Sanders Morris Harris Chairman, George Ball expects the S&P 500 will bottom at 3,100 in January from its all-time high of 4,796. Ball also said that the overall outlook doesn’t seem too gloomy while admitting that the decline is going to be a little rocky. The chairman thinks so because of the massive gains the market gained after experiencing a low in the pandemic.

Ball said that everyone has the propensity to count down from the top which makes no sense, adding that the situation is more like the shedding of gains than the build-up of losses. Moreover, the chairman says a drop of 3,100 should be considered a normal cyclical adjustment, eradicating the excess of both economic stimulus and in psychology.”

Valuation multiples are recorded to be around 24-times forward earnings all the while of the easy-money era that constituted most of the pandemic period. But, this year it’s different as sentiment could be seen going down and lower and profit margins could be the next thing to decline. Ball added that the corporate earnings will prioritize moving forward, particularly since analysts were slow to amend forecasts properly, lower.

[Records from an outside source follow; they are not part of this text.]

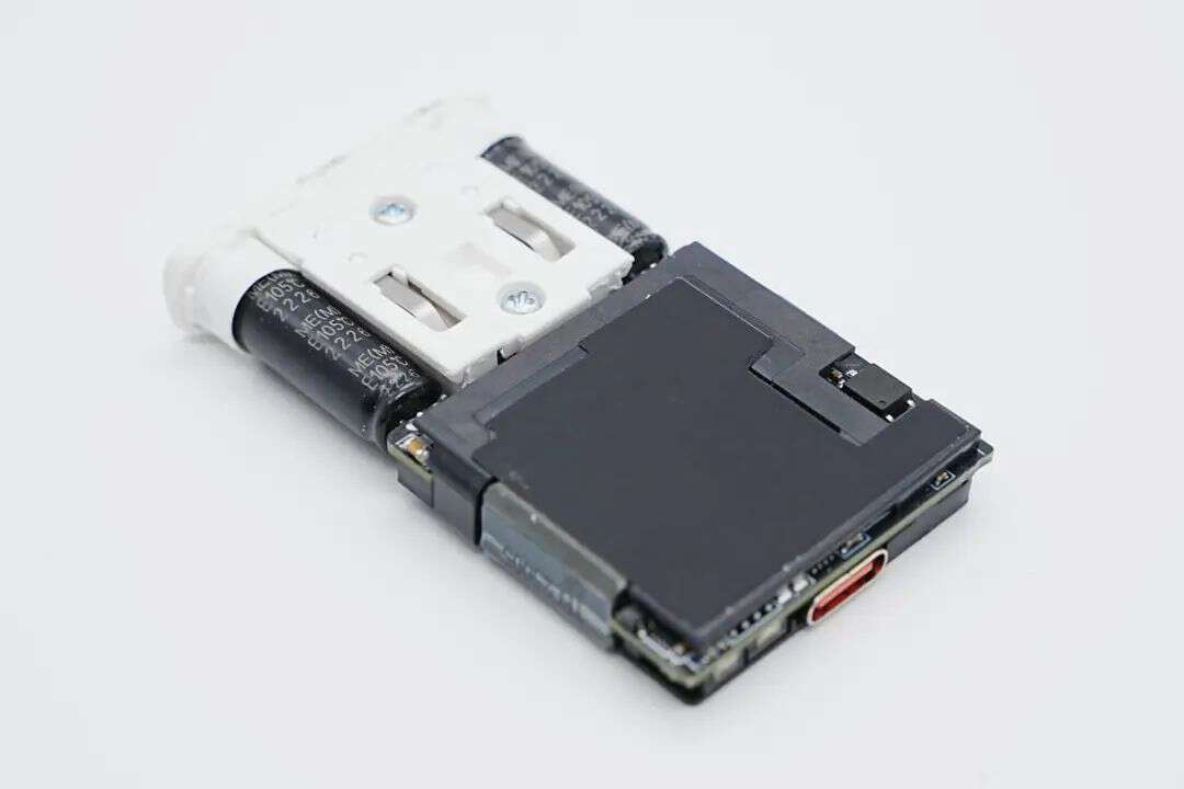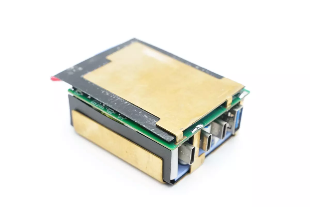 这款充电器开关电源部分,由安森美NCP1342搭配镓未来科技有限公司的氮化镓功率芯片G1N65R240PB,以及芯茂微LP35118V搭配新功率同步整流管组成;输出端采用智融SW3516H+锐骏RUH4040M2进行二次降压输出,贴片电容来自特锐祥TMY1102M。基于上述方案设计,充电器采用三段式布局结构,层次清晰,输入输出均设有小板以充分利用内部空间缩小产品体积。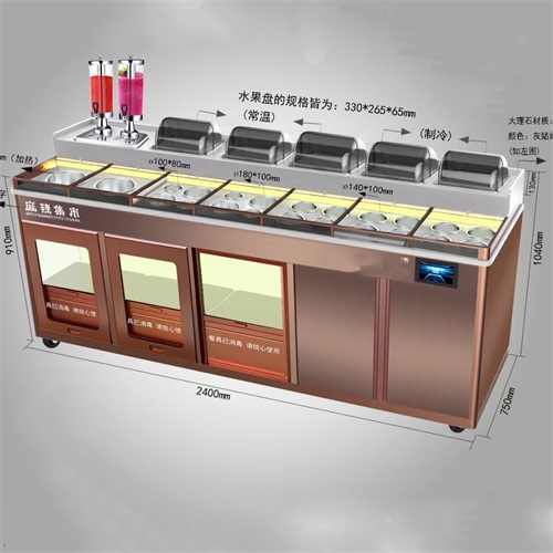 以滑蓋保鮮、風(fēng)冷保鮮、高溫+臭氧消毒功能,解決了醬料在常溫下開(kāi)放式存放、碗碟露天存放等食安隱患問(wèn)題;運用強大的智能操控系統,讓調料區管理更高效;支持多種功能、風(fēng)格定制,打造餐企專(zhuān)屬料臺。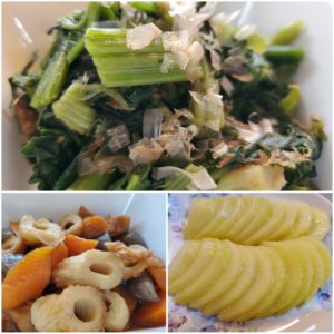 ☆ちぢみほうれん草のお浸し☆竹輪の煮物☆キウイフルーツ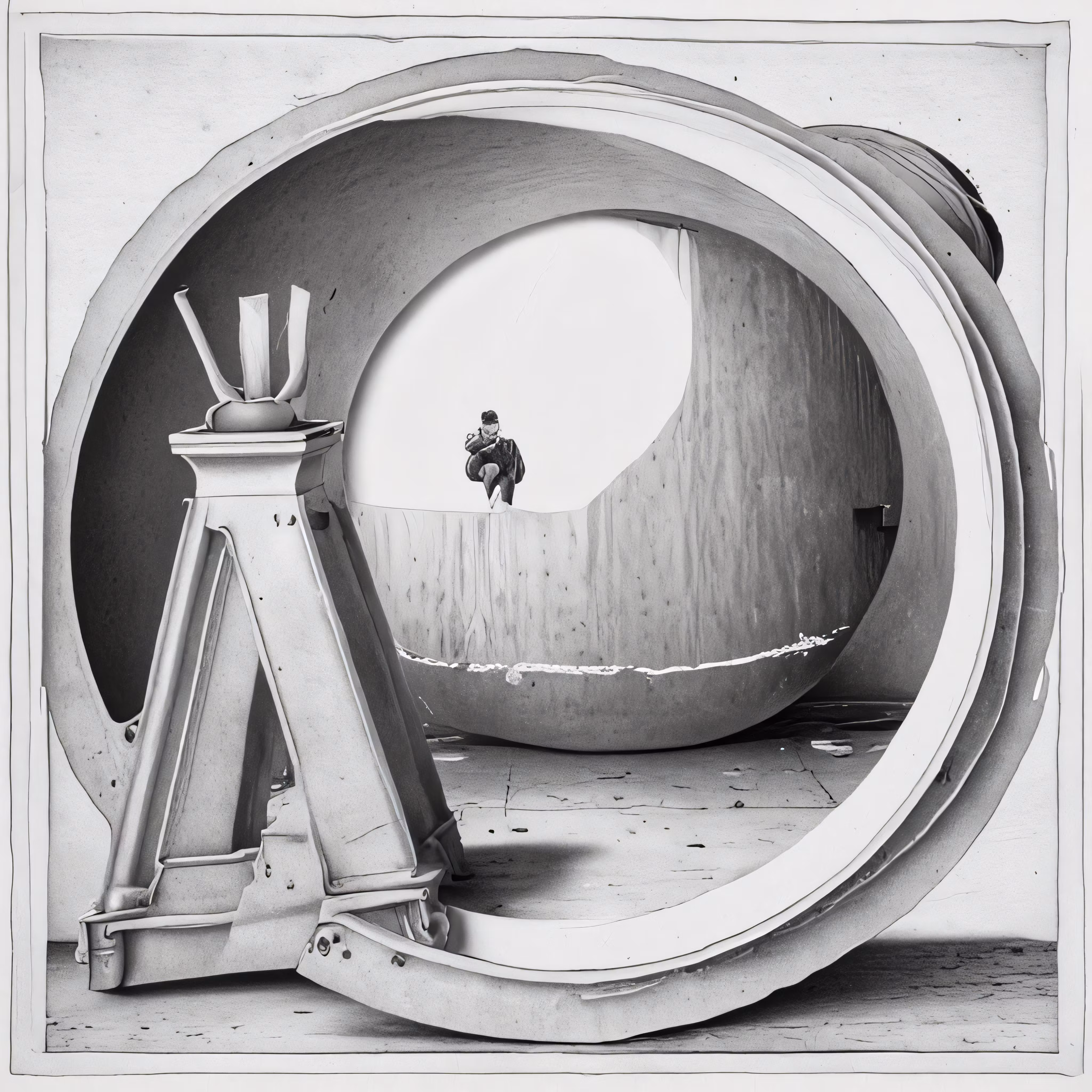 High resolution picture, free to use, a man is on a large object near some stairs

Ball said that analysts like to be adorable, especially during great times, they predict the management and companies will outperform the estimates of earnings, and therefore they experience inflation leading to the target. 

Ball started his career as a stockbroker at E.F. Hutton. According to the New York Times, in 1991, Ball resigned from the position of chairman and chief executive officer of brokerage firm Prudential Bache Securities, following the $300 million in losses suffered by the firm in the span of nine years.

The Federal Reserve increased interest rates to beat the highest inflation in 40 years which led to the S&P being down by over 20% this year. Ball’s lower S&P call may be inspired by the Fed’s stricter restrictions along with the predictions for a downturn in earnings.